## EXERCISE
Among the records below, find the line with "There is an" and the line with "Step 5: Thread". Set down both and every line between, exactly and with no pictures, but nothing else.

Top of INFORMATION PROVIDED

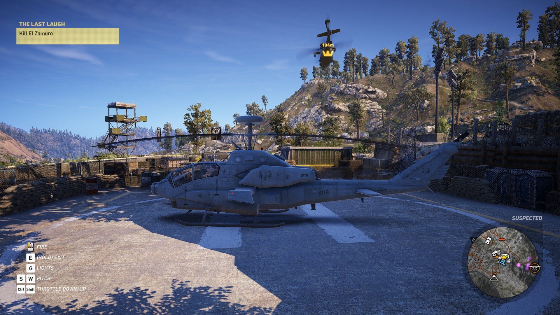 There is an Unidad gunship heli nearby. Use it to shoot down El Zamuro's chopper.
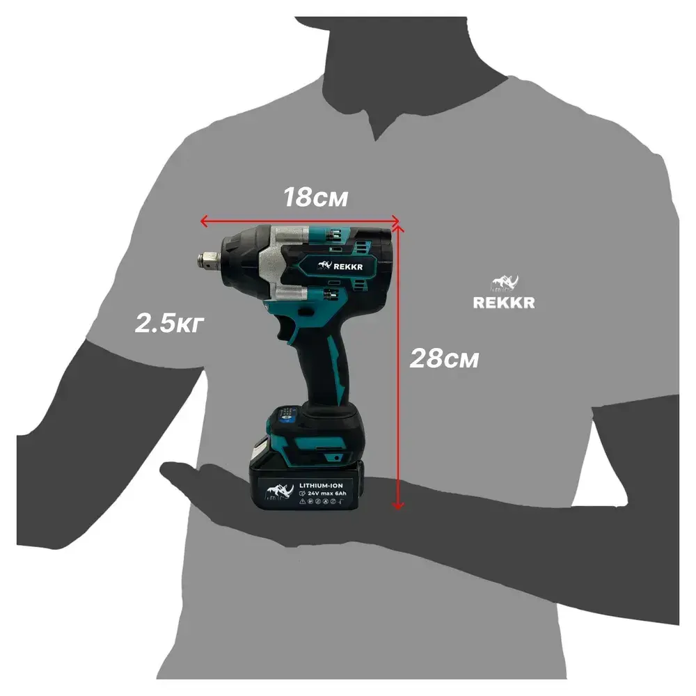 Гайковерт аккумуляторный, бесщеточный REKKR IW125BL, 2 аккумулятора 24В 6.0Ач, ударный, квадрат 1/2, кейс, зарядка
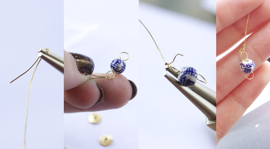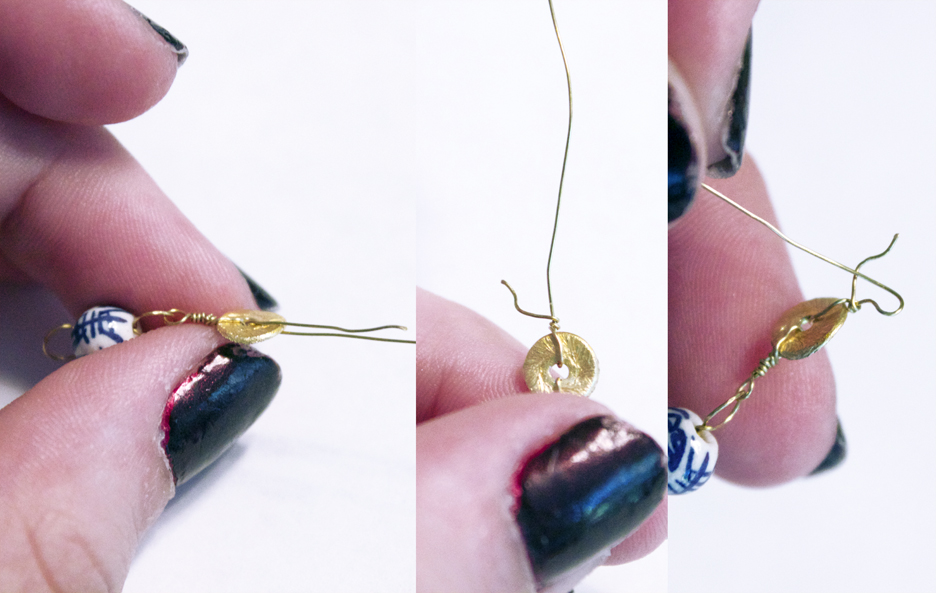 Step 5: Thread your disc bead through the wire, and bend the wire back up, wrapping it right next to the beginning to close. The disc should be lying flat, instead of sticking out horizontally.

Bottom of INFORMATION PROVIDED
Top of INFORMATION PROVIDED

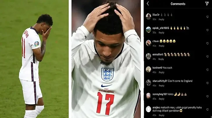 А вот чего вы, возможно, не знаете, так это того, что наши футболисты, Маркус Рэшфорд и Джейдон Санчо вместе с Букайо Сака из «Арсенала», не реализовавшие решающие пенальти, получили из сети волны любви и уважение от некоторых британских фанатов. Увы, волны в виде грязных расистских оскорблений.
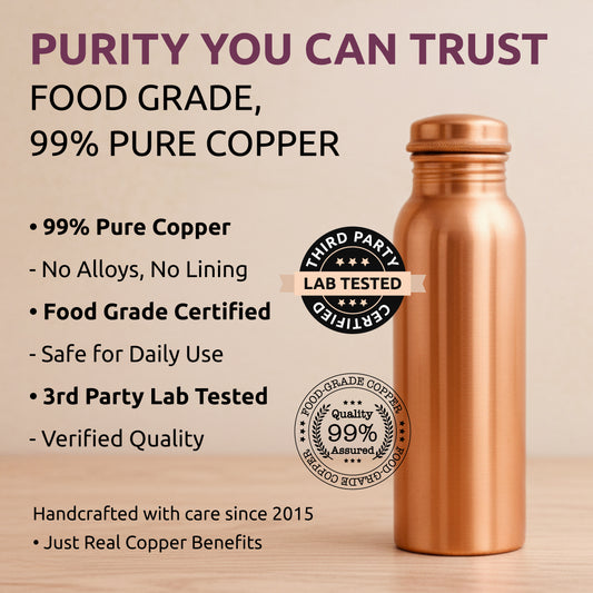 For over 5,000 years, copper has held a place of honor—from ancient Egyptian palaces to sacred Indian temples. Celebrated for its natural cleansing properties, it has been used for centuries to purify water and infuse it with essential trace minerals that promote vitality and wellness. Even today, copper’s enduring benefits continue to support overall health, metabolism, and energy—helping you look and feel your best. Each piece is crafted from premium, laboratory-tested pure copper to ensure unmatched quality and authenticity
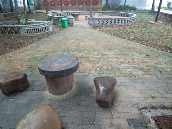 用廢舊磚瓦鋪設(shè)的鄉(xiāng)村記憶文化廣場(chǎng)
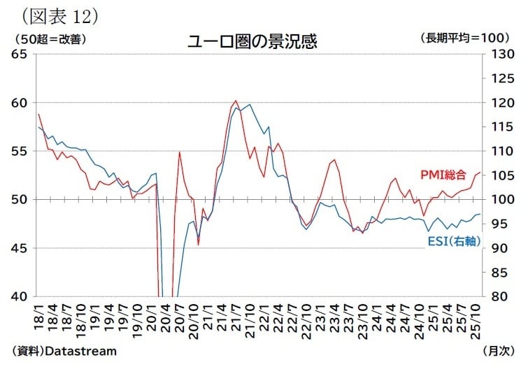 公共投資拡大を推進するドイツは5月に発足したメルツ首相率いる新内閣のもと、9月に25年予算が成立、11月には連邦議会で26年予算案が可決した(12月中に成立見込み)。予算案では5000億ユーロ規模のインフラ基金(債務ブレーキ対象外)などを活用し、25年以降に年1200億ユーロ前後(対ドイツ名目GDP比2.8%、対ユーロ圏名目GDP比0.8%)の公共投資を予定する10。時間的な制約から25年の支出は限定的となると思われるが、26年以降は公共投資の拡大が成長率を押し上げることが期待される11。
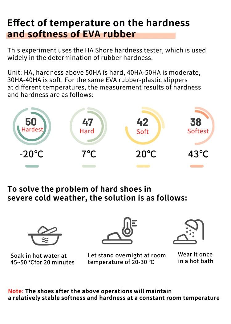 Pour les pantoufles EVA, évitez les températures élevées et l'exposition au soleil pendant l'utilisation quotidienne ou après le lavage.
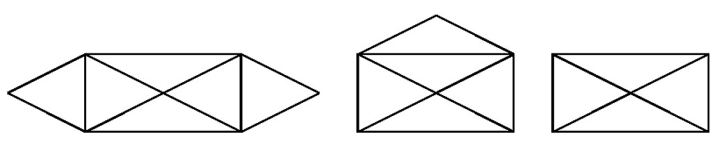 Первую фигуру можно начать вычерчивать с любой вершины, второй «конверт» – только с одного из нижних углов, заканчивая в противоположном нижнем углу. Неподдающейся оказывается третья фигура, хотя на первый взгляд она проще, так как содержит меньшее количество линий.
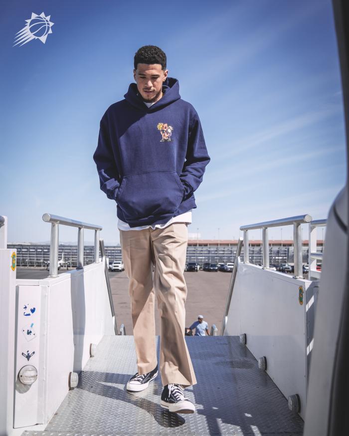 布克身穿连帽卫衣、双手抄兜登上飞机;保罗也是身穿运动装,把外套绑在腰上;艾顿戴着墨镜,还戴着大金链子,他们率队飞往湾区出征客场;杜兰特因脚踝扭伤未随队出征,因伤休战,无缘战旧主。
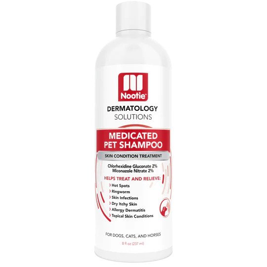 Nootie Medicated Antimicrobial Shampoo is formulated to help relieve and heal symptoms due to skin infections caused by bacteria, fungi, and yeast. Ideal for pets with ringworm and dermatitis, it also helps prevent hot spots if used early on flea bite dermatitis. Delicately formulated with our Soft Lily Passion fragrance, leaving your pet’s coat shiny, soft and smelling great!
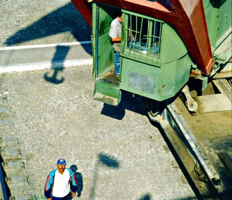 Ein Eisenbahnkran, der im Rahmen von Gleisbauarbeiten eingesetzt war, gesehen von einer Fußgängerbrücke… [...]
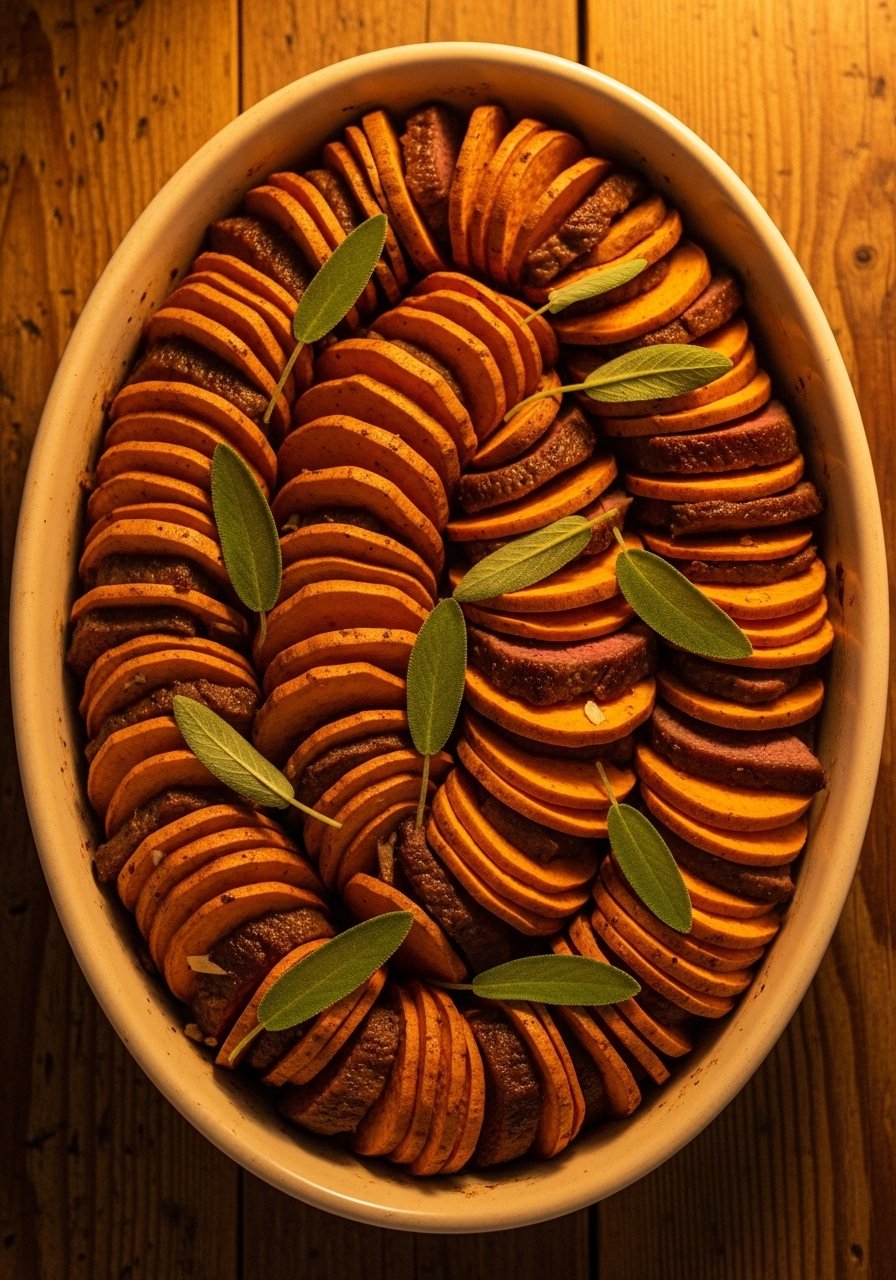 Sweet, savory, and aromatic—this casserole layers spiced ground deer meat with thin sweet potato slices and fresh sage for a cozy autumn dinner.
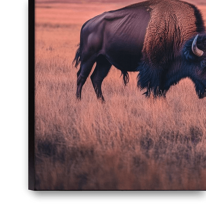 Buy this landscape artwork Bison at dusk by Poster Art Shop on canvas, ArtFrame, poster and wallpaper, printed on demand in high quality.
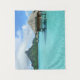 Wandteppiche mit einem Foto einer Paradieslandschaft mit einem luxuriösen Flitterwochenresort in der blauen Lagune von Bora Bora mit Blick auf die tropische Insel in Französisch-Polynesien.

Bottom of INFORMATION PROVIDED
Top of INFORMATION PROVIDED

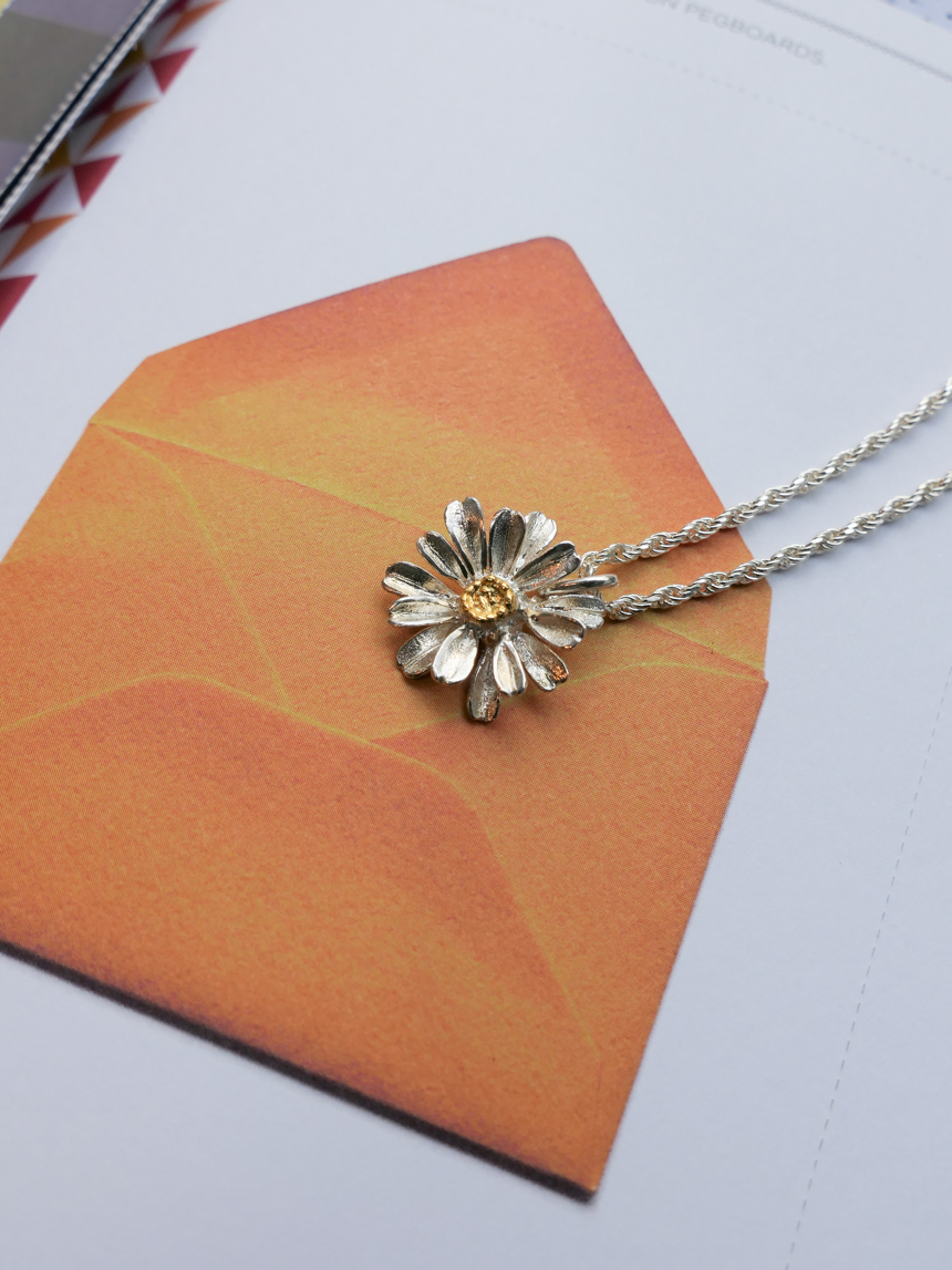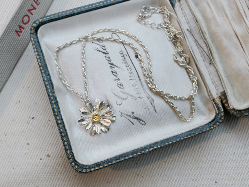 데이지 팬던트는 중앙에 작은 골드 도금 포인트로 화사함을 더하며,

Bottom of INFORMATION PROVIDED

## RESULT FOR THIS TASK
 There is an Unidad gunship heli nearby. Use it to shoot down El Zamuro's chopper.
 Гайковерт аккумуляторный, бесщеточный REKKR IW125BL, 2 аккумулятора 24В 6.0Ач, ударный, квадрат 1/2, кейс, зарядка
 Step 5: Thread your disc bead through the wire, and bend the wire back up, wrapping it right next to the beginning to close. The disc should be lying flat, instead of sticking out horizontally.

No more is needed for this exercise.